- The problem -
Copy the lines below word for word, skipping any image.

Dataset section below:

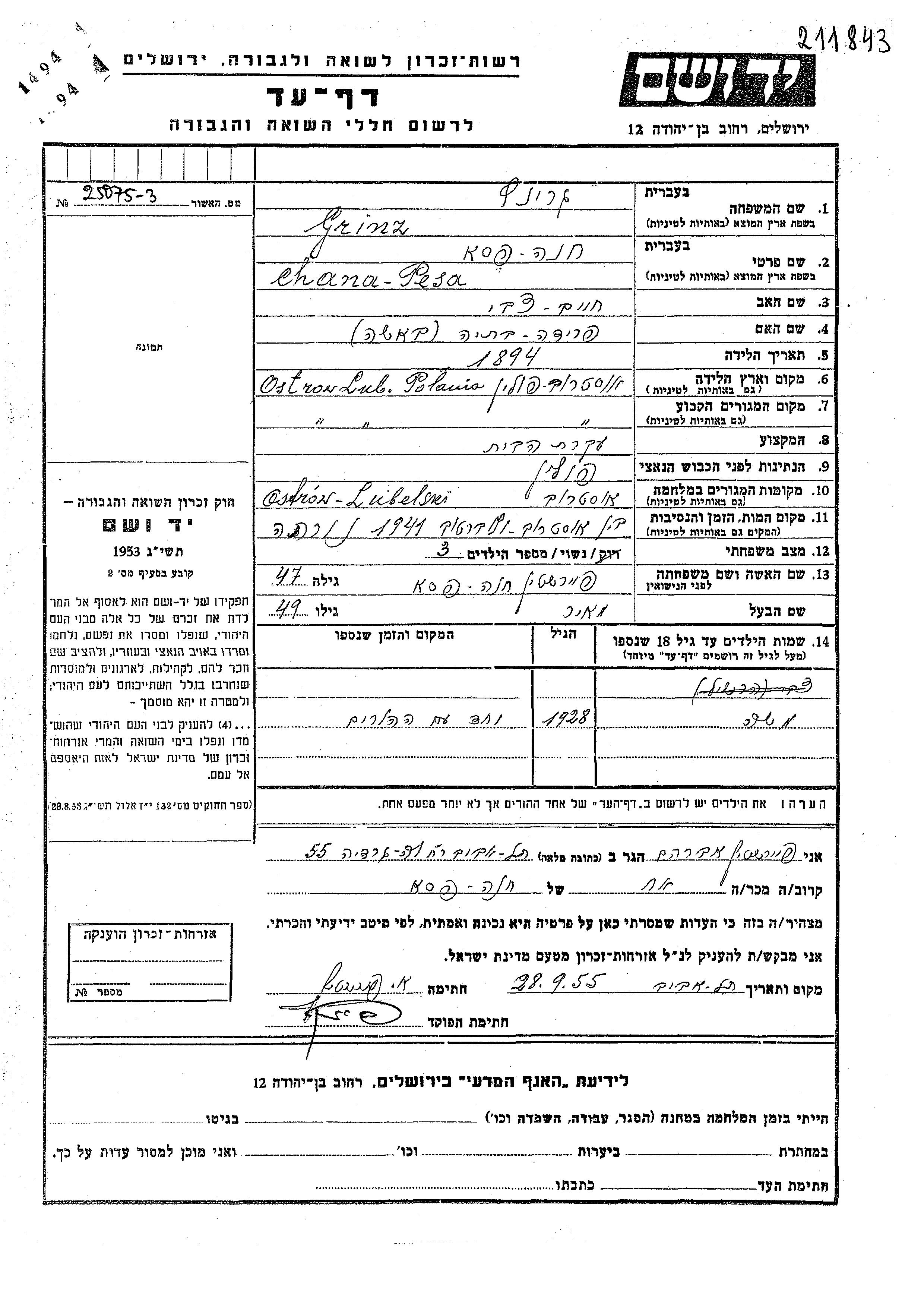 Яд Вашем - Листы свидетельских показаний Мемориального фонда
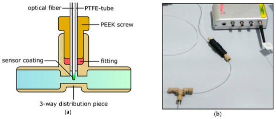 The sensor fiber (WFGe 400/440 T obtained by Ceramoptec) is decladded and the tip is sharpened by flame-cutting and grinding. The sensor coating, containing the NIR emitting phosphorescent sensor dye [] is carefully applied onto the tip. A fitting PTFE-tube is pushed over the fiber by which the sensor can be equipped with a PEEK HPLC screw and fitting. The fiber can be positioned exactly within the flow-through channel by sliding it within the tube before screwing the sensor tight (Figure 1).
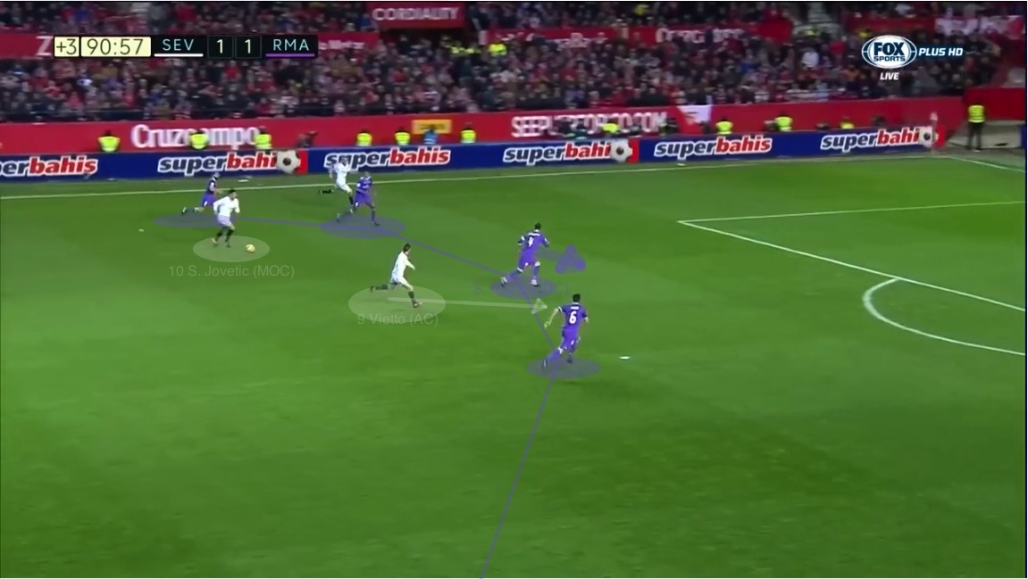Le porteur (Jovetic) profite de la sortie de Ramos de l’axe ballon-but pour allumer Navas.
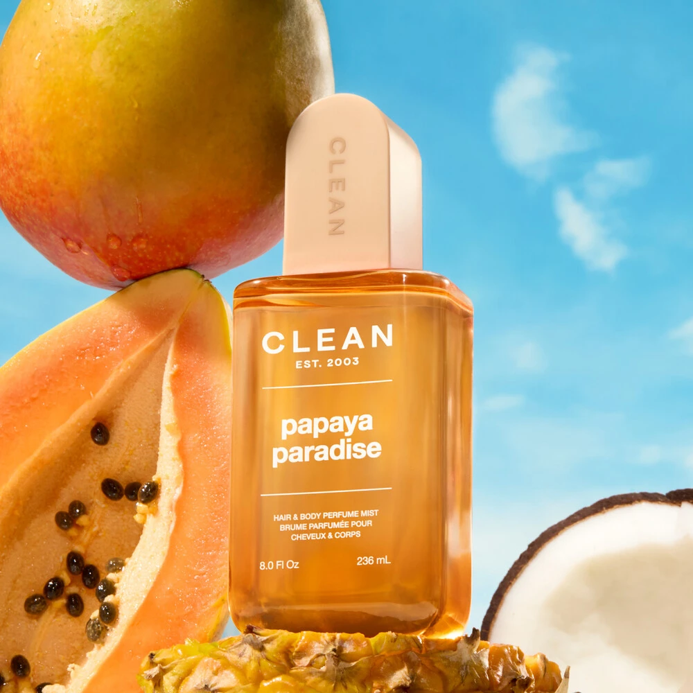 CLEAN Papaya Paradise Hair & Body Perfume Mist indfanger følelsen af uendelig sommer – solrig, blød og tropisk drømmende. Duften åbner med saftig papaya, mango og ananas som leder tankerne hen på en solkysset strand.

End of Dataset section.

- Answer to the exercise -
 Яд Вашем - Листы свидетельских показаний Мемориального фонда
 The sensor fiber (WFGe 400/440 T obtained by Ceramoptec) is decladded and the tip is sharpened by flame-cutting and grinding. The sensor coating, containing the NIR emitting phosphorescent sensor dye [] is carefully applied onto the tip. A fitting PTFE-tube is pushed over the fiber by which the sensor can be equipped with a PEEK HPLC screw and fitting. The fiber can be positioned exactly within the flow-through channel by sliding it within the tube before screwing the sensor tight (Figure 1).
Le porteur (Jovetic) profite de la sortie de Ramos de l’axe ballon-but pour allumer Navas.
 CLEAN Papaya Paradise Hair & Body Perfume Mist indfanger følelsen af uendelig sommer – solrig, blød og tropisk drømmende. Duften åbner med saftig papaya, mango og ananas som leder tankerne hen på en solkysset strand.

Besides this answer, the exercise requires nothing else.